(REQUIREMENT): Of the lines in the material below, print only those from the one containing "Tekirdağ’ın Muratlı ilçesinde, fabrika" to the one containing "Revive your hair", ends included, exactly as written and without pictures.

(DATA):
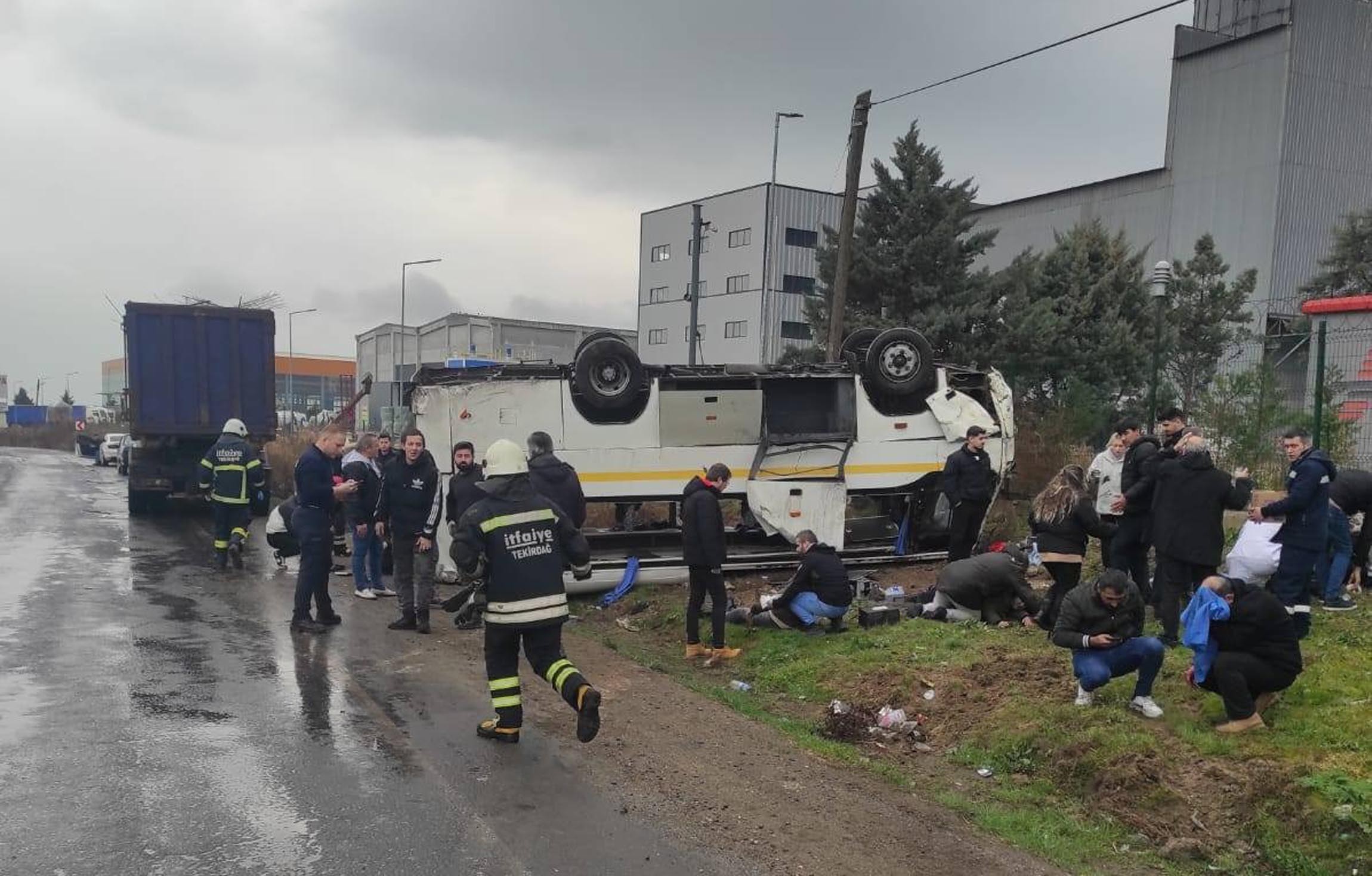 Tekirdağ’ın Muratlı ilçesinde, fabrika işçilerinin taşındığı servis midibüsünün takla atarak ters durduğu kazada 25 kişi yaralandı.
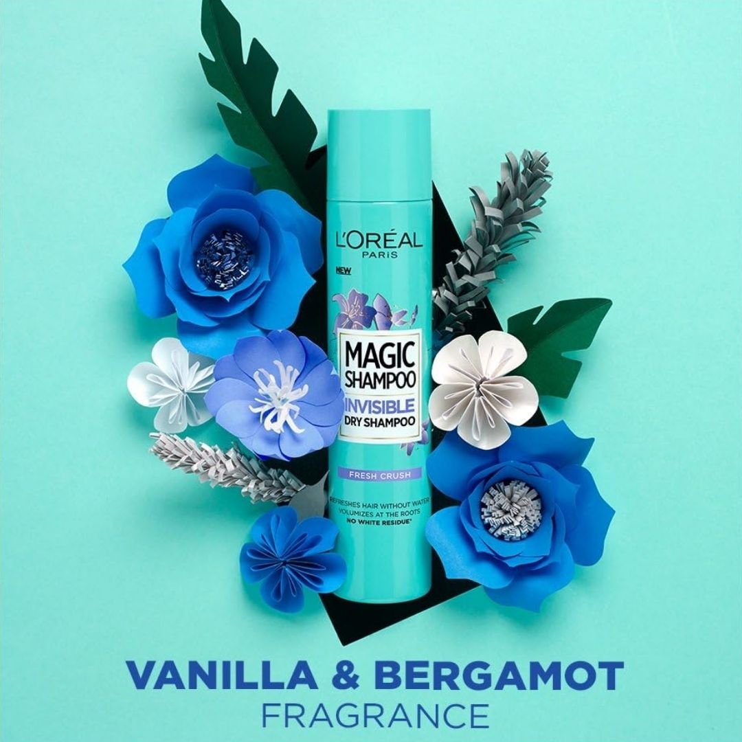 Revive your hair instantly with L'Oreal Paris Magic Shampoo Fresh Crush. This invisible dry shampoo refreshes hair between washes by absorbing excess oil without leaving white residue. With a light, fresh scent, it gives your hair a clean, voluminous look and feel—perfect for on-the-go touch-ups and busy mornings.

==

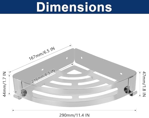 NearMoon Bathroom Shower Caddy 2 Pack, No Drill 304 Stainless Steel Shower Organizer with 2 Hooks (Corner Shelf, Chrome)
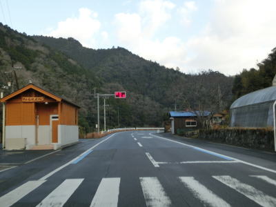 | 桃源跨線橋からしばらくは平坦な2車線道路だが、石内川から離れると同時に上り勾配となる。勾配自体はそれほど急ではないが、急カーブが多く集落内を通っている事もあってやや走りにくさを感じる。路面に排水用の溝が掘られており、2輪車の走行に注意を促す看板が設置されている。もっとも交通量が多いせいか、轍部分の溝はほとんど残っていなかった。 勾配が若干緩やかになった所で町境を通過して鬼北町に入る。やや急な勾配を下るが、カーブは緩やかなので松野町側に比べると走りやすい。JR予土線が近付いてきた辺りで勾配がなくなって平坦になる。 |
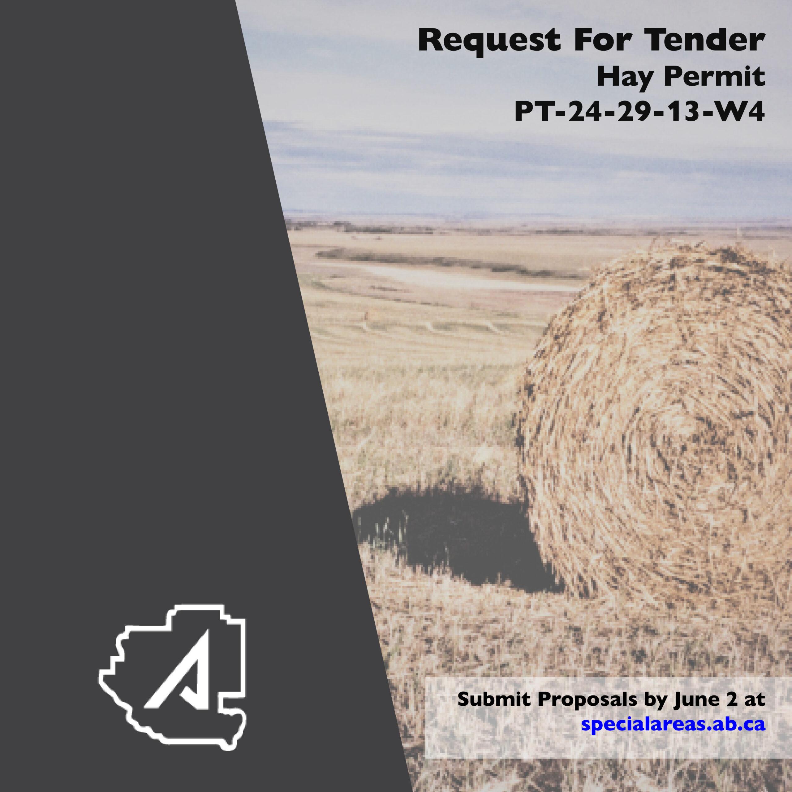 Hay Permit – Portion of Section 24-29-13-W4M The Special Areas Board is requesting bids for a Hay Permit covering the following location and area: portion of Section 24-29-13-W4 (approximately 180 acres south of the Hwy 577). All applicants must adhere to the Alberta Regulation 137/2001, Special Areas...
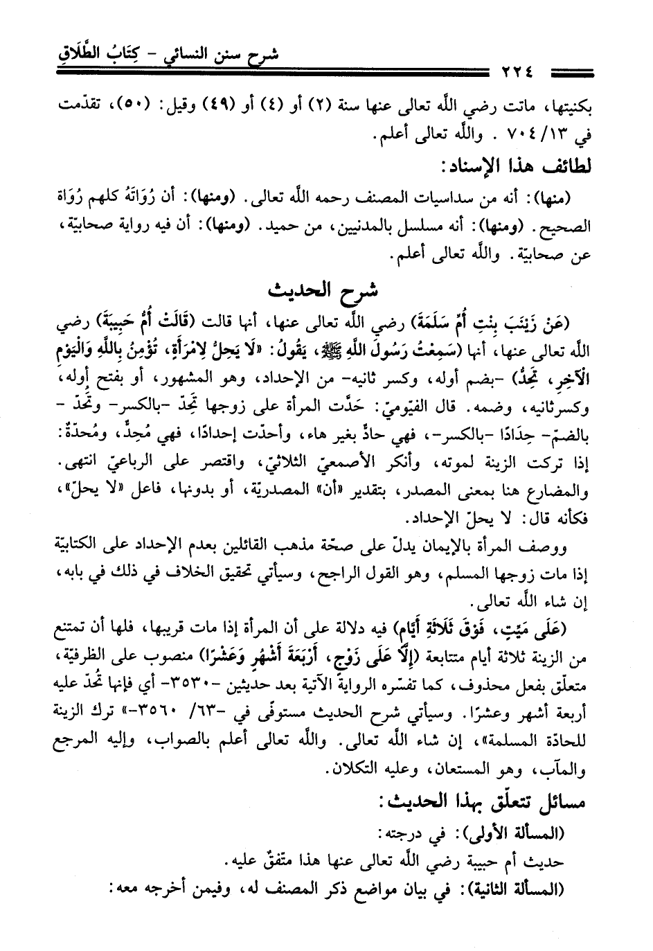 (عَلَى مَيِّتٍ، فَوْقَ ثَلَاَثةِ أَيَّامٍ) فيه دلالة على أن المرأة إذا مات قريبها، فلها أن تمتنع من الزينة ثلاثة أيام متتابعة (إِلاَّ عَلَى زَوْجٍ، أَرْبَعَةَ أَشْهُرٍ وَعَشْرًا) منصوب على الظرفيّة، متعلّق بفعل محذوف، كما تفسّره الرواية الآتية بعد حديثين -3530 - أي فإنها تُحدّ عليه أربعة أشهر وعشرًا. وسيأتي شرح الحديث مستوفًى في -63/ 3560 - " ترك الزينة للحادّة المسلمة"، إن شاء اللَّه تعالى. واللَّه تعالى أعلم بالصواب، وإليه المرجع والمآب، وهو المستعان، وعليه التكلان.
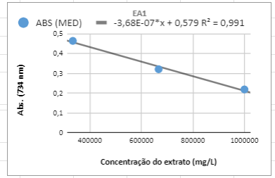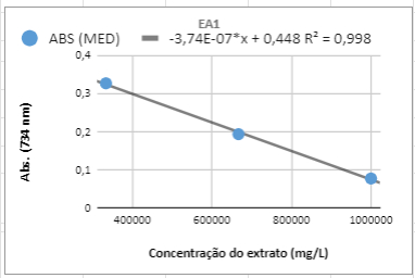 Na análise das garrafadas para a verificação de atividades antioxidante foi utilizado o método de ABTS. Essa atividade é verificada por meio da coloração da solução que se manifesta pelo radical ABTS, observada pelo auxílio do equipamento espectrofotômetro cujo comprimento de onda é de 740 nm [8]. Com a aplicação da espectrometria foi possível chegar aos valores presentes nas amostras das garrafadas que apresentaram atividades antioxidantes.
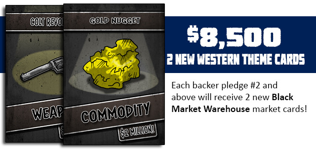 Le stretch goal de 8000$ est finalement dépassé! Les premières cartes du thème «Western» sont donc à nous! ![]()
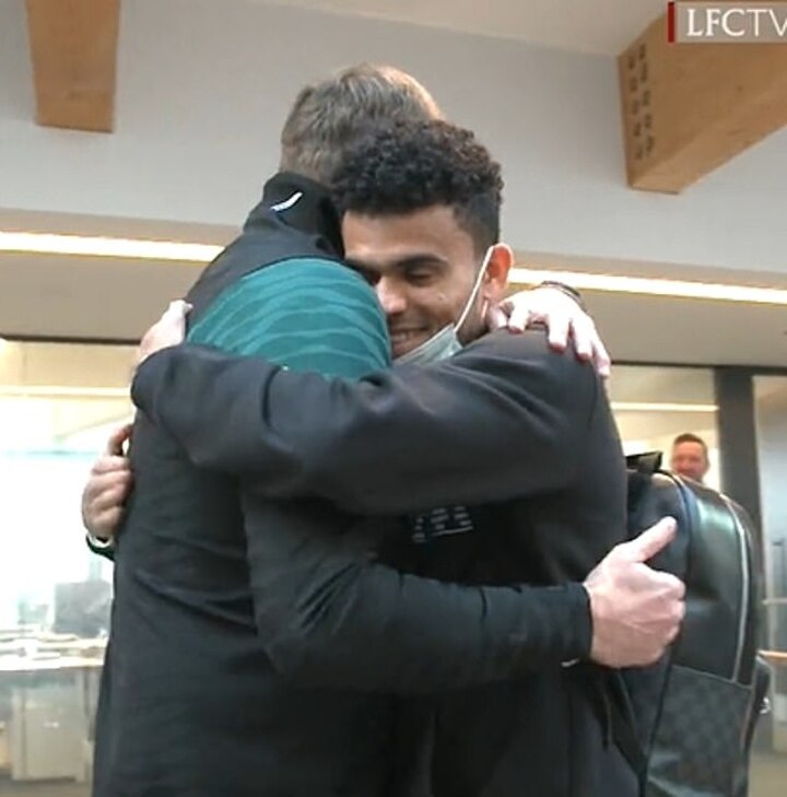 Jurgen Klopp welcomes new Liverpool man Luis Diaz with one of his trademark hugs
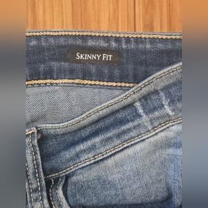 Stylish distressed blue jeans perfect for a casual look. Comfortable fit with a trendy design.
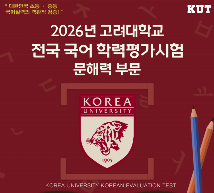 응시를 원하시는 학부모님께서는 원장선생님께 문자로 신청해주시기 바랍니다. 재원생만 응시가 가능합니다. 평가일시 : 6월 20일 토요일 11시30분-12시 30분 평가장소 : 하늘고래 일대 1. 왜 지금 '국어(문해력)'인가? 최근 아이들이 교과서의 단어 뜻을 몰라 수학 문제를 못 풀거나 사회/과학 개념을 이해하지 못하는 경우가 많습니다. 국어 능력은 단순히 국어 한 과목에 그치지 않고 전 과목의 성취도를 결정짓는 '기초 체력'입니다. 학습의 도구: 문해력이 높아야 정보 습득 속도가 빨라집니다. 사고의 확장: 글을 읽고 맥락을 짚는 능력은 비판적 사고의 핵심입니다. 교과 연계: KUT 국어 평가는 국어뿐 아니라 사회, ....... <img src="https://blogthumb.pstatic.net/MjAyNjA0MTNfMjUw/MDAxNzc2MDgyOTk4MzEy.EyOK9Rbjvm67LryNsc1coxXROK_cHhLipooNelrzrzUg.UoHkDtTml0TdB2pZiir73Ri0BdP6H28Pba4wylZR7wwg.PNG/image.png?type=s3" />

(ANSWER AREA):
 Tekirdağ’ın Muratlı ilçesinde, fabrika işçilerinin taşındığı servis midibüsünün takla atarak ters durduğu kazada 25 kişi yaralandı.
 Revive your hair instantly with L'Oreal Paris Magic Shampoo Fresh Crush. This invisible dry shampoo refreshes hair between washes by absorbing excess oil without leaving white residue. With a light, fresh scent, it gives your hair a clean, voluminous look and feel—perfect for on-the-go touch-ups and busy mornings.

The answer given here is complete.